# What you should do
Each line in the material below, starting at the one that contains "九、新增装饰物,二十四节气系列主题之白露——星河乐舫、芦苇丛、白鹭、牌楼" and ending at the one that contains "Forever CH-100 nosilec za", should be repeated exactly; the pictures should not.

# Recorded information
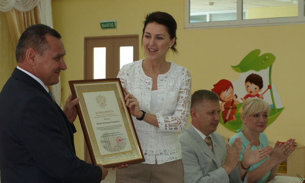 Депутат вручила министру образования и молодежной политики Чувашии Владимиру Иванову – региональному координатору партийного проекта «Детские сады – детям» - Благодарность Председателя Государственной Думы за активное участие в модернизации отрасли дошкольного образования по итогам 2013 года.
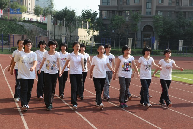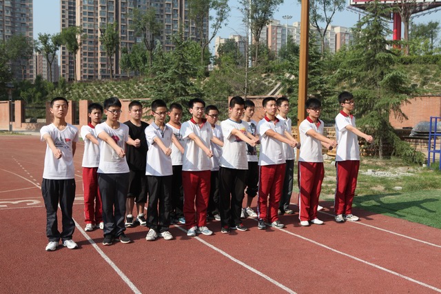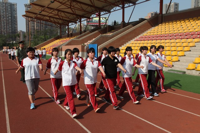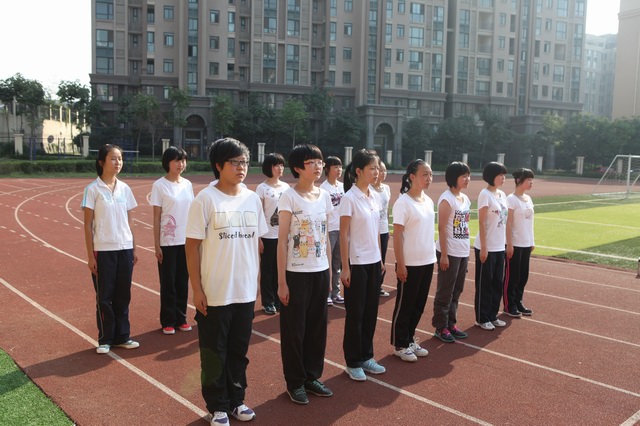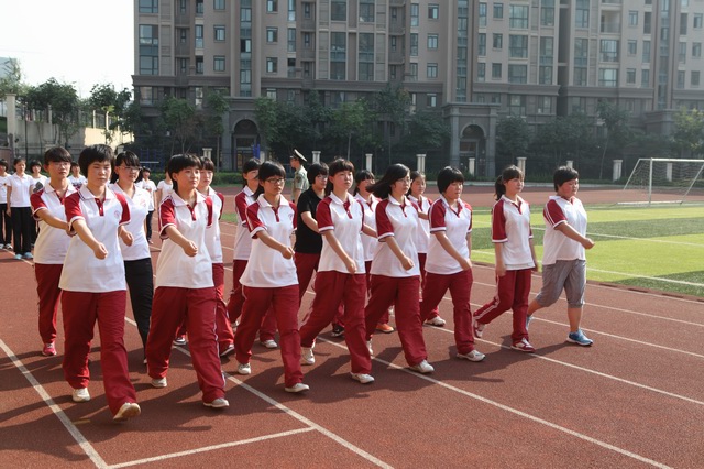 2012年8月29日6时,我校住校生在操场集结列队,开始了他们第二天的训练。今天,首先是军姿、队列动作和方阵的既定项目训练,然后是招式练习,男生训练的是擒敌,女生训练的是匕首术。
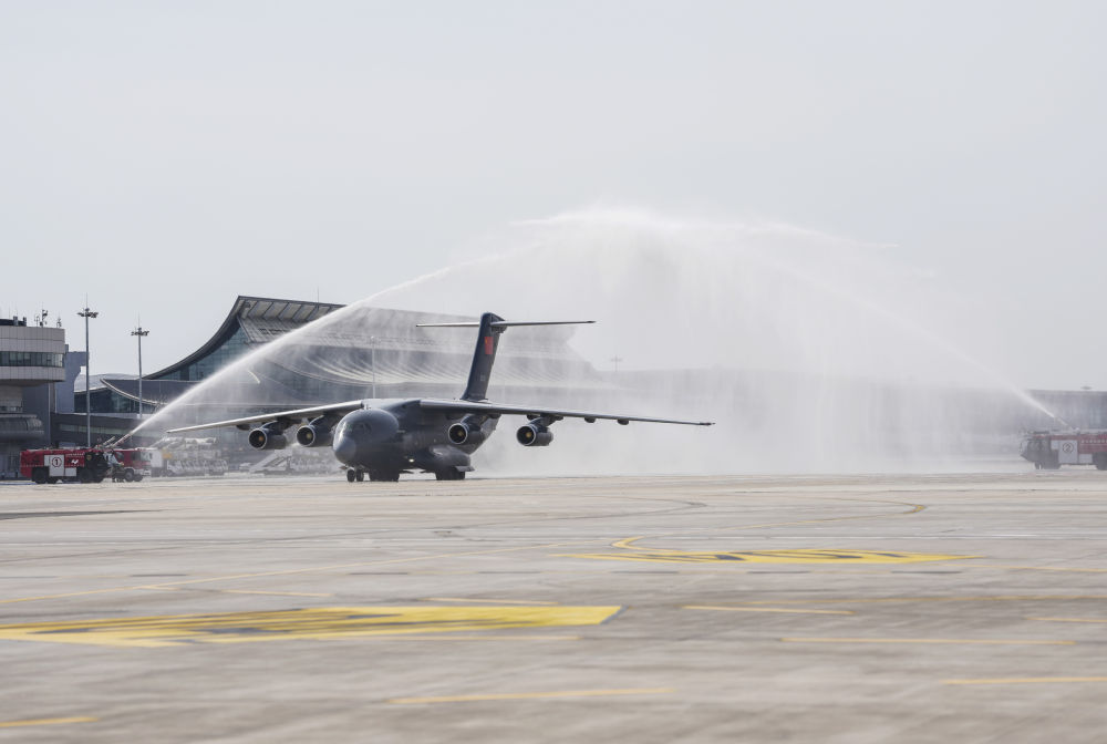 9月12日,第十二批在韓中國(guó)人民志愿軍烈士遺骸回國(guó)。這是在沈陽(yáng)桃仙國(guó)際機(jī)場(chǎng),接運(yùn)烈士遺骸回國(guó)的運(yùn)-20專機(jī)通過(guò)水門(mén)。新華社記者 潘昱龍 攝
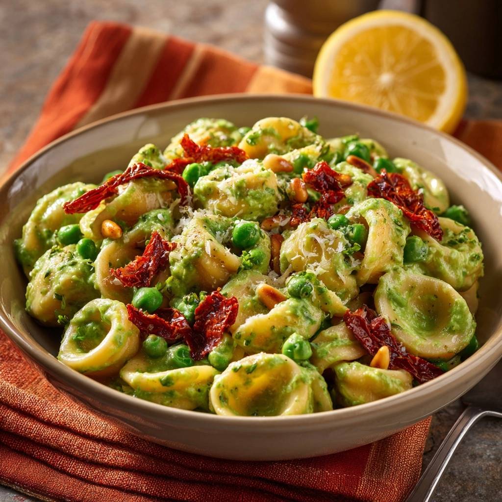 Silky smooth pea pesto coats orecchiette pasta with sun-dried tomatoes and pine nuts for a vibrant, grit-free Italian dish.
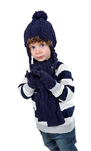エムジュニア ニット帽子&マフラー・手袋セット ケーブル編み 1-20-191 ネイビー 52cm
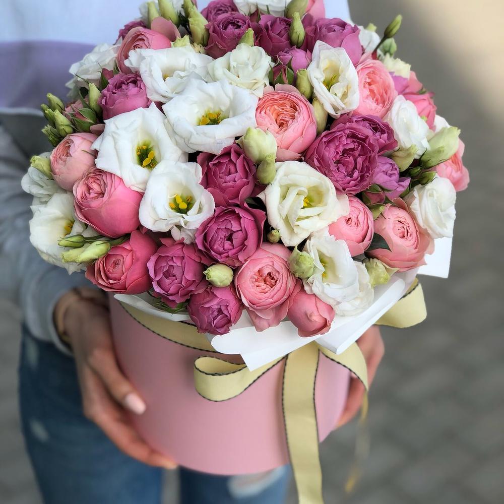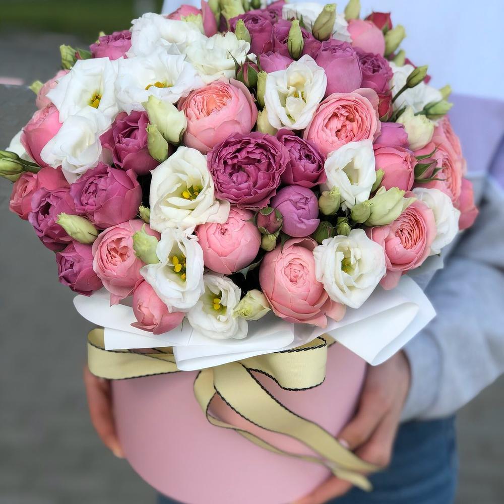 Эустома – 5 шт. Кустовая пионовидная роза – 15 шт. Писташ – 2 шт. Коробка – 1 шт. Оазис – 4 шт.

==

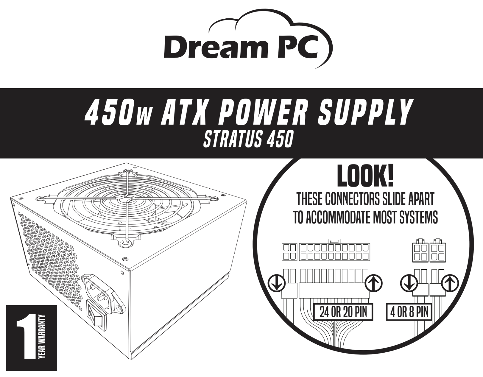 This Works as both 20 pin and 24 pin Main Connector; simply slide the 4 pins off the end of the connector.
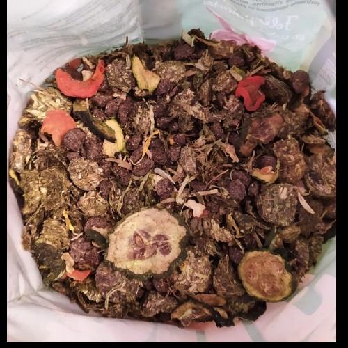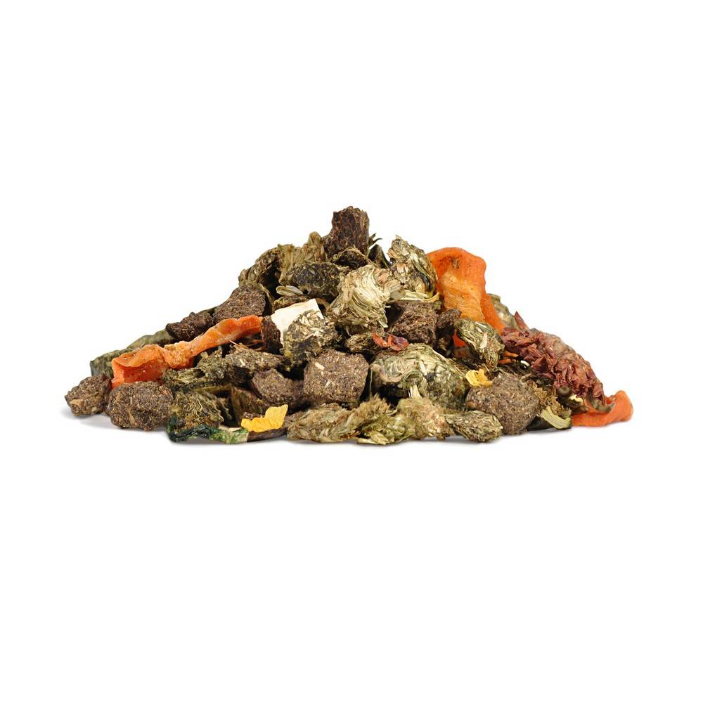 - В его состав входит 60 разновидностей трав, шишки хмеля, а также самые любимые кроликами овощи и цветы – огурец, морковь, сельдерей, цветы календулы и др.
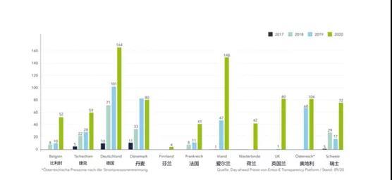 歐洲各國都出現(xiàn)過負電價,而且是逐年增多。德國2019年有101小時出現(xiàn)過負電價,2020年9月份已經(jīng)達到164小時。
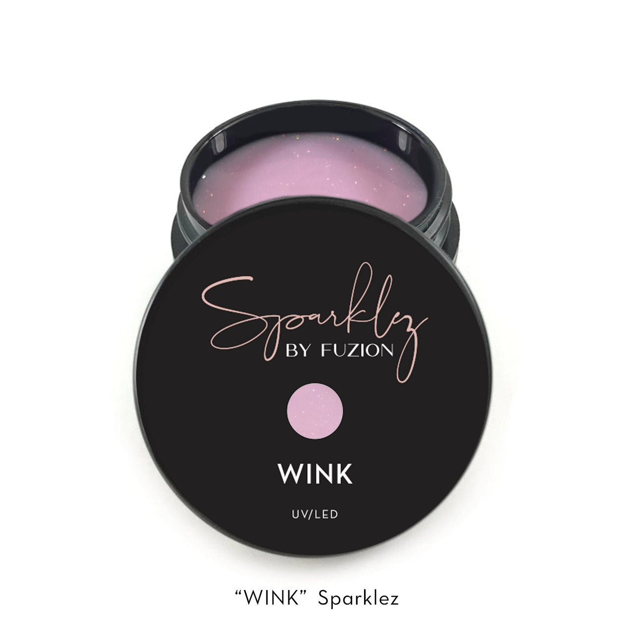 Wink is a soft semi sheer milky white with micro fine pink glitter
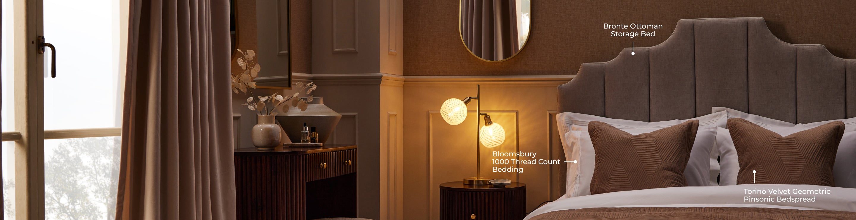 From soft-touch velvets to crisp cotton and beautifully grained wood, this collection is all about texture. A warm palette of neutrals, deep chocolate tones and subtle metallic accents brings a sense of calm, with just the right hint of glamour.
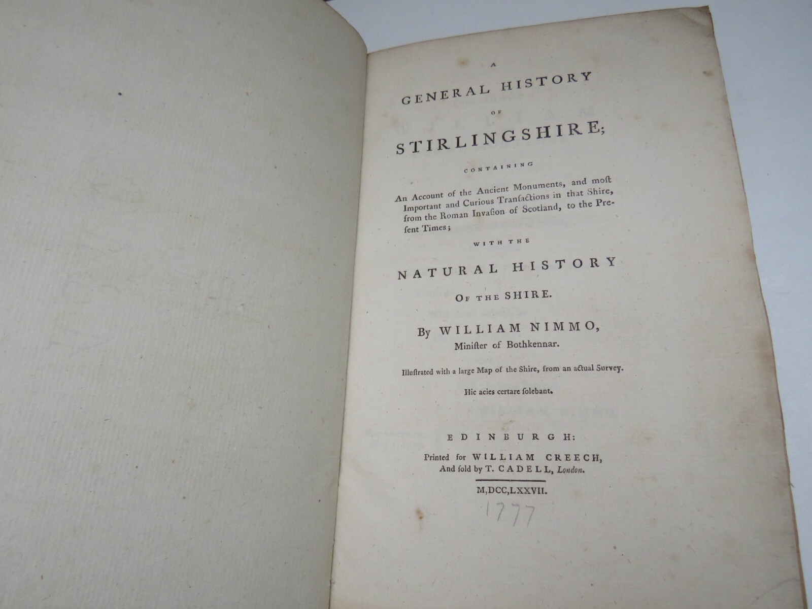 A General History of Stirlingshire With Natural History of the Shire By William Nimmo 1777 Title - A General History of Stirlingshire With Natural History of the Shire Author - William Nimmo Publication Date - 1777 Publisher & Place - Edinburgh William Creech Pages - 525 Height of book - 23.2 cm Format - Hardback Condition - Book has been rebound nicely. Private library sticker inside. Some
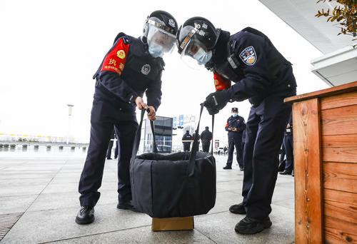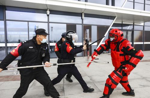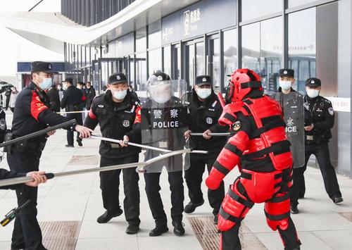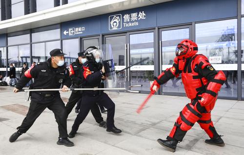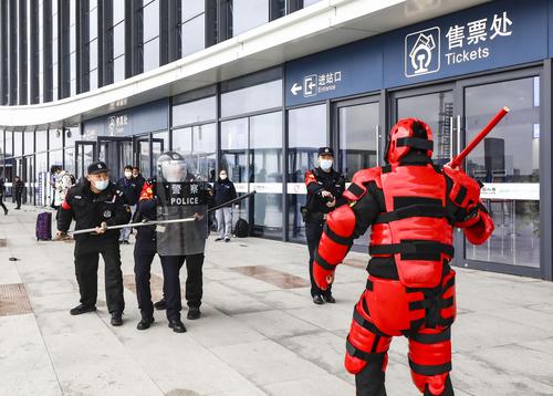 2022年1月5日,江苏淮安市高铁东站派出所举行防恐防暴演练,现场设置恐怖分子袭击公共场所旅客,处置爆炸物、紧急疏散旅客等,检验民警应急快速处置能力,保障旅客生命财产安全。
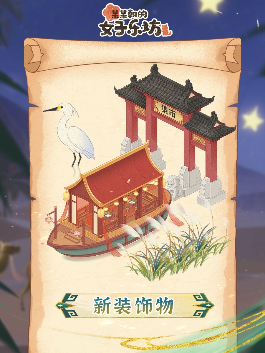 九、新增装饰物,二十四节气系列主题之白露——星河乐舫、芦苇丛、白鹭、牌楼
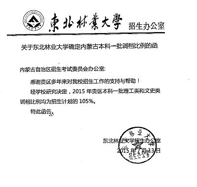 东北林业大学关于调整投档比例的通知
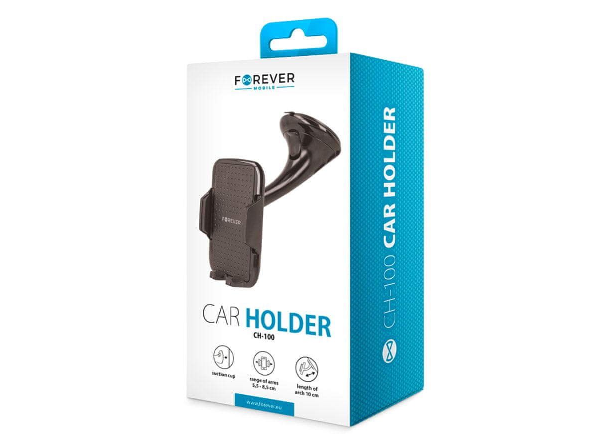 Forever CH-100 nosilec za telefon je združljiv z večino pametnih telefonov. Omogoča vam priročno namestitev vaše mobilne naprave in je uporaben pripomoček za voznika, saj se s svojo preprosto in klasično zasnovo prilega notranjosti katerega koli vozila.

...

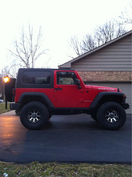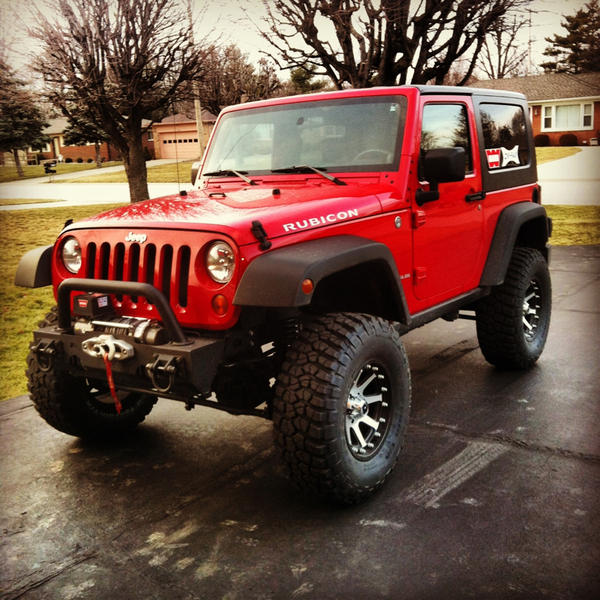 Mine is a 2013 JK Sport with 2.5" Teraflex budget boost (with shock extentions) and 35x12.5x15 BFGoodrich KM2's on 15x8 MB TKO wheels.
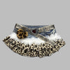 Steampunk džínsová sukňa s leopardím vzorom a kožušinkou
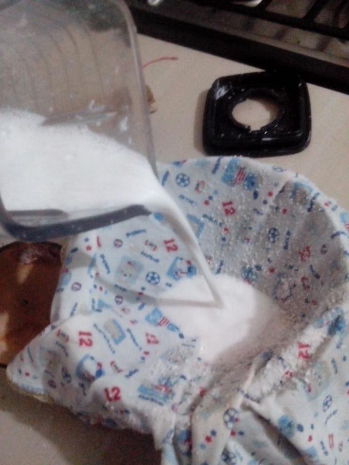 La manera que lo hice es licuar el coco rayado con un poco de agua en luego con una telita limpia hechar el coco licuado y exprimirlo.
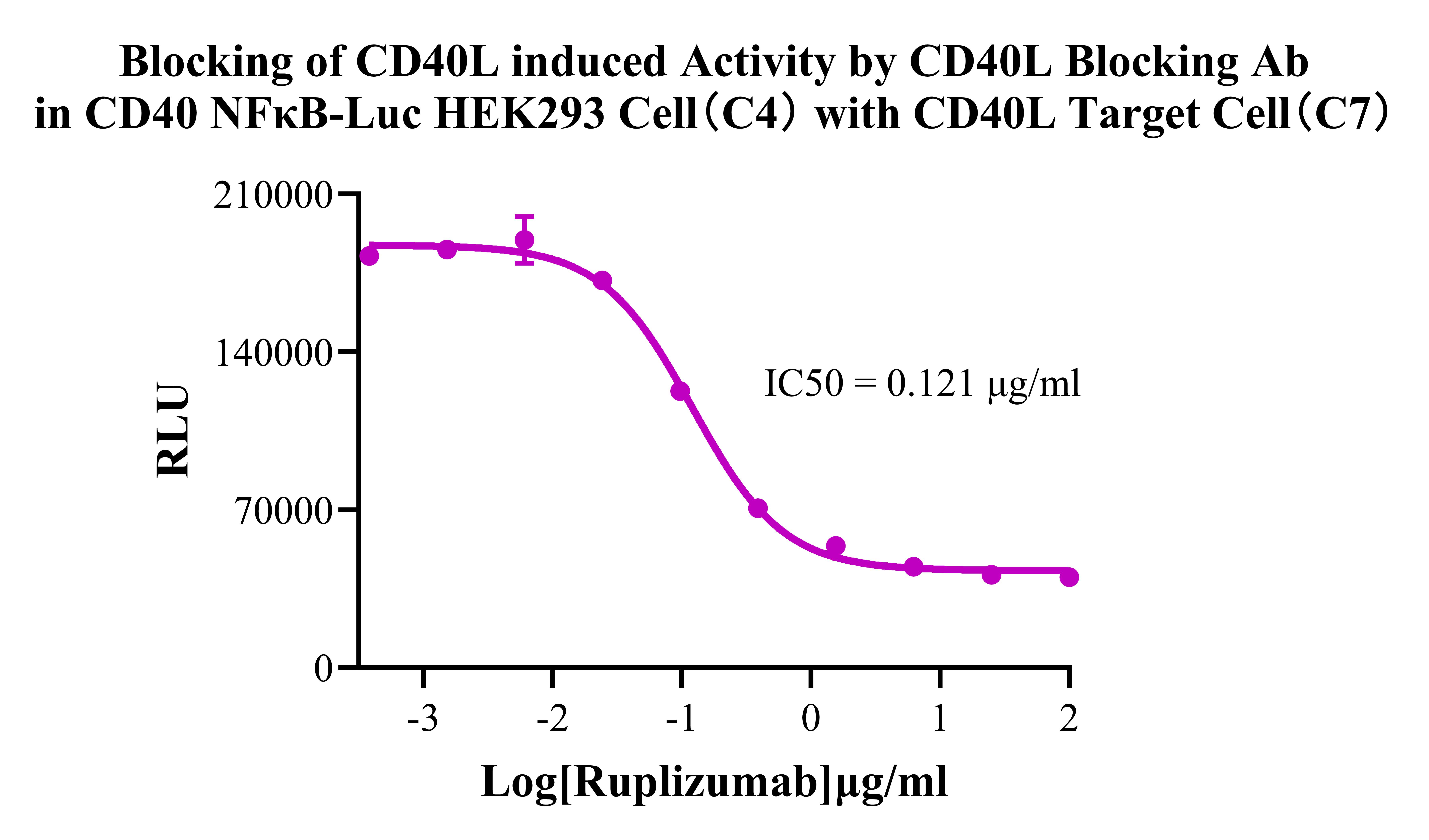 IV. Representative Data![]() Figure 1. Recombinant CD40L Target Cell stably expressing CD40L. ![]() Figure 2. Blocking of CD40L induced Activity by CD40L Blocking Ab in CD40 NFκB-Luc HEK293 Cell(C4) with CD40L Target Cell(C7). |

# Worked solution
 九、新增装饰物,二十四节气系列主题之白露——星河乐舫、芦苇丛、白鹭、牌楼
 东北林业大学关于调整投档比例的通知
 Forever CH-100 nosilec za telefon je združljiv z večino pametnih telefonov. Omogoča vam priročno namestitev vaše mobilne naprave in je uporaben pripomoček za voznika, saj se s svojo preprosto in klasično zasnovo prilega notranjosti katerega koli vozila.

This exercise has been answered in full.